> THE TASK:
Only those lines in the data below from the line containing "XX乡2025年度民政工作总结" through the line containing "วันที่ 28 มกราคม", both included, should be restated word for word.

[[ MATERIAL FOR THIS TASK, beginning ]]

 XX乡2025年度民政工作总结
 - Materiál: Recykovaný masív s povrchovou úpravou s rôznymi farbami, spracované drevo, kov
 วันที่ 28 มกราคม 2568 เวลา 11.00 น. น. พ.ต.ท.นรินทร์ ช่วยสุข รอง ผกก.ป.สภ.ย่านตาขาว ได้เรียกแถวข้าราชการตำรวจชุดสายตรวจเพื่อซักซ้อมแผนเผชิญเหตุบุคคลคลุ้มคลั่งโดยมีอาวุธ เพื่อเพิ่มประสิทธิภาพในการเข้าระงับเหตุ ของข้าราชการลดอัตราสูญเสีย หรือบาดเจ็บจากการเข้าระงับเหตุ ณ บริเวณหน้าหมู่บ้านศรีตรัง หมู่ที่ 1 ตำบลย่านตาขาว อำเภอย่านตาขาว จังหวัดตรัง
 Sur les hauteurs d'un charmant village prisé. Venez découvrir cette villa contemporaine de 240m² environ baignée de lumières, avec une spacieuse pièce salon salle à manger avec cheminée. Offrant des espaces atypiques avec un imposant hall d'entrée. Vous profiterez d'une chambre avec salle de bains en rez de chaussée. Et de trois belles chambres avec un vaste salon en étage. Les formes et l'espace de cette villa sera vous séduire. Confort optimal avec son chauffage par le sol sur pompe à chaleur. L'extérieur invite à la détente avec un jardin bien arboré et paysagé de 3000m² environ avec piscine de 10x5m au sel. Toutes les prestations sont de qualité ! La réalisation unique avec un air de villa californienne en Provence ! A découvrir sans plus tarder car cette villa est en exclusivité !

[[ MATERIAL FOR THIS TASK, end ]]
[[ MATERIAL FOR THIS TASK, beginning ]]

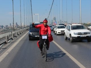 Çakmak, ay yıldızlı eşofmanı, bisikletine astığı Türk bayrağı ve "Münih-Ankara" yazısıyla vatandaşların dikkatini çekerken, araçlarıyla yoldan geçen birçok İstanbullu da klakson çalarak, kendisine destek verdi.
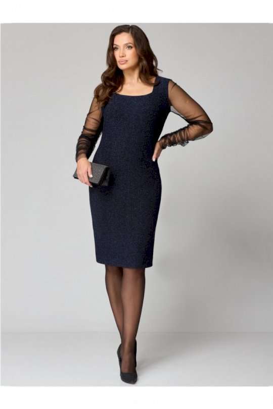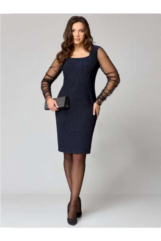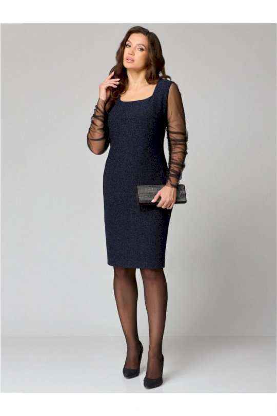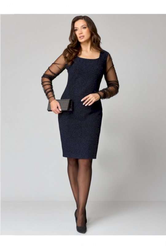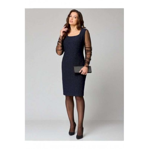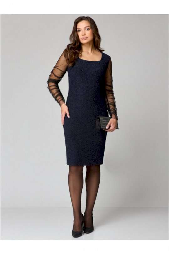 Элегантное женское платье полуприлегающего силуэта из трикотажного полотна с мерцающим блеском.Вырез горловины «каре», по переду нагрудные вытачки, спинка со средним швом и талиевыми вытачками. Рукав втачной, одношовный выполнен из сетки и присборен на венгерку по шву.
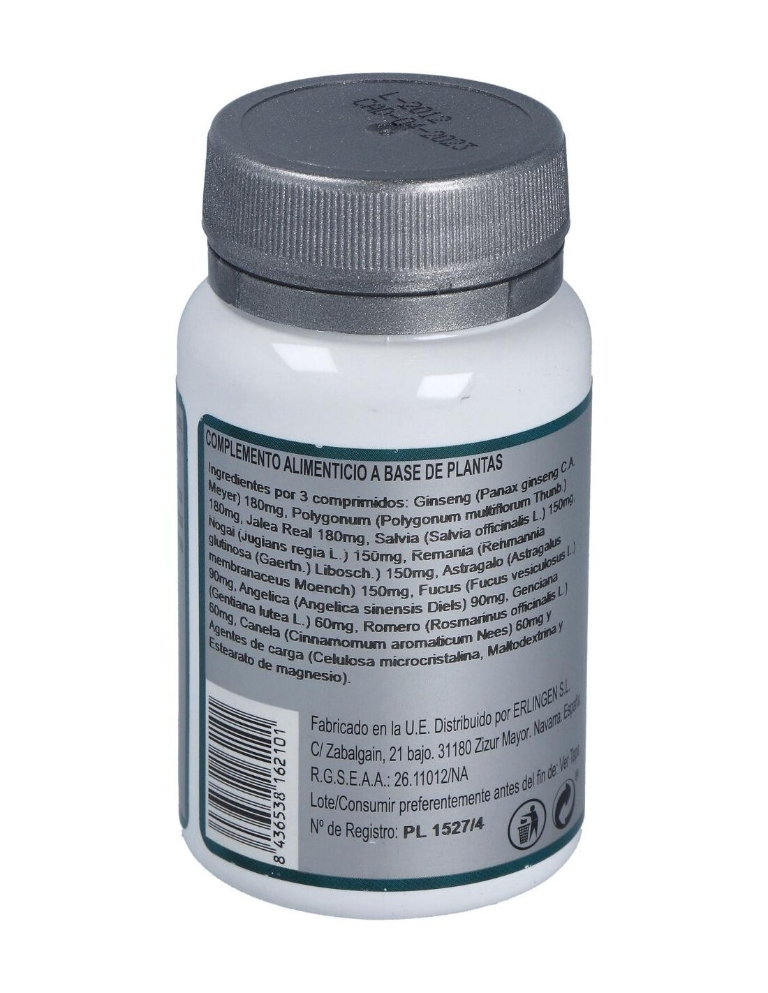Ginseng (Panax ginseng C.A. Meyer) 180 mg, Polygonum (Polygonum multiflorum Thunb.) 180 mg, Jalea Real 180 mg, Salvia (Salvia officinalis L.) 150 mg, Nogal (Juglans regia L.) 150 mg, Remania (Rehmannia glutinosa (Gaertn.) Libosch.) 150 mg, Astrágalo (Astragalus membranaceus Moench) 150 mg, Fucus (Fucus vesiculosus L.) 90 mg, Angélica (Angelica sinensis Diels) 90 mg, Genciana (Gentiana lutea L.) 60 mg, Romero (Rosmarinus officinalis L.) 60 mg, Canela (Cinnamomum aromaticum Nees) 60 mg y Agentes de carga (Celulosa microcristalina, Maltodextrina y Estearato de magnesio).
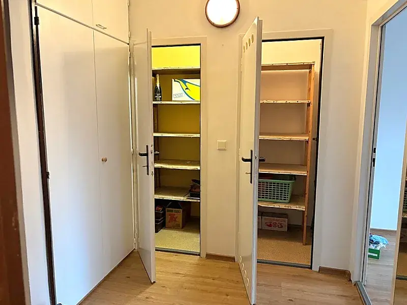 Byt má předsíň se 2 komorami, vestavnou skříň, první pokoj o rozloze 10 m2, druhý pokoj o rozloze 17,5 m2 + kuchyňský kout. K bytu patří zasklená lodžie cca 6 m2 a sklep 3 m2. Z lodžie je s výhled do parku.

[[ MATERIAL FOR THIS TASK, end ]]
[[ MATERIAL FOR THIS TASK, beginning ]]

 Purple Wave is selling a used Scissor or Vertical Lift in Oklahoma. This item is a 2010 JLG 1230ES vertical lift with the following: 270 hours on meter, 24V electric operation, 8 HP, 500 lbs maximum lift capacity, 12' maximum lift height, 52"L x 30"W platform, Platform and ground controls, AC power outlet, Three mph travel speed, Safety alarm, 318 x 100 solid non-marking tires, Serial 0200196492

[[ MATERIAL FOR THIS TASK, end ]]

> SOLUTION TO THIS TASK:
 XX乡2025年度民政工作总结
 - Materiál: Recykovaný masív s povrchovou úpravou s rôznymi farbami, spracované drevo, kov
 วันที่ 28 มกราคม 2568 เวลา 11.00 น. น. พ.ต.ท.นรินทร์ ช่วยสุข รอง ผกก.ป.สภ.ย่านตาขาว ได้เรียกแถวข้าราชการตำรวจชุดสายตรวจเพื่อซักซ้อมแผนเผชิญเหตุบุคคลคลุ้มคลั่งโดยมีอาวุธ เพื่อเพิ่มประสิทธิภาพในการเข้าระงับเหตุ ของข้าราชการลดอัตราสูญเสีย หรือบาดเจ็บจากการเข้าระงับเหตุ ณ บริเวณหน้าหมู่บ้านศรีตรัง หมู่ที่ 1 ตำบลย่านตาขาว อำเภอย่านตาขาว จังหวัดตรัง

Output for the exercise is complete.